§ 13. Sir A. Knox
asked the Minister of Labour whether he can give an estimate of the number of man hours lost to the war effort by demonstrators regarding Sir Oswald Mosley?
§ Sir A. Knox
Can the right hon. Gentleman state whether these men received pay for the hours of war labour they have lost while joy riding?
§ 33. Mr. Frankel
asked the Secretary of State for the Home Department whether he will now give an undertaking that the fees of the two private consultants who gave an opinion on the condition of Sir Oswald Mosley will not be met from public funds?
No question of any fees from public funds will arise. The private consultants with whom the prison medical authorities conferred do not desire that any fee shall be paid in respect of that consultation.
§ 63. Mr. Mander
asked the Home Secretary whether in view of the widespread desire for the trial of those British Fascists leaders who co-operated with Hitler and Mussolini before the war, he will consider the desirability of preferring charges against them where evidence is available?
The tactic employed by the leaders of the British Union, both before and after the outbreak of war, was to exploit the liberty which our law allows and which Parliament was anxious to maintain, even under the stress of war, and to take good care not to bring themselves within reach of the criminal law. It was precisely because of our experience of Fifth Column activities in the over-run countries in Europe in the Spring and Summer of 1940, and because this abuse of our cherished traditions of freedom and liberty without any overt breach of the law constituted a serious menace to the security of the State, that it was felt necessary to arm the Executive with exceptional powers of preventive detention. Before exercising these exceptional powers in any particular case, the question of taking criminal proceedings is always considered, and it is the policy to prosecute wherever practicable. If the suggestion is that Parliament should have enacted, or should enact now, some new law under which Sir Oswald Mosley could be brought to trial and punished for his past behaviour and activities, the effect would be to make a person liable to punishment for doing things which at the time when they were done were not forbidden by law, and however widespread may be the desire for bringing the British Fascist leaders to trial, a provision on the lines suggested would be wholly out of keeping with our conceptions of equity and criminal justice and with sound liberal doctrine.
§ Mr. Mander
Is the Home Secretary aware that there is a very widespread desire throughout the country that specific charges should be directed against Sir Oswald Mosley? Do I understand from him that under the law at the present time there is no evidence on which such charges could be based?
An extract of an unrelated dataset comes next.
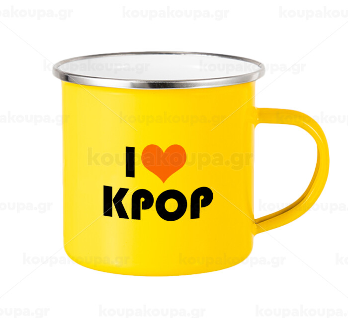 I Love KPOP, Κούπα Μεταλλική εμαγιέ Κίτρινη 360ml

So far as I know, the answer to the latter part of the question is in the affirmative. If I may say so with regard to widespread feelings in the country, there is a duty resting on Members of Parliament as well as Ministers to deal with such feelings when they are not based on evidence.
§ Mr. Austin Hopkinson
While I admit the cogency of the right hon. Gentleman's reply, will he at least consider the cases of those prominent members of the Fascist Party who are now equally prominent Communists and are responsible in some districts for running the "Gaol Mosley" stunt?
§ Mr. A. Edwards
What is the difference between action in this case and action in the case of retrospective legislation which the House has already passed dealing with tax evasion?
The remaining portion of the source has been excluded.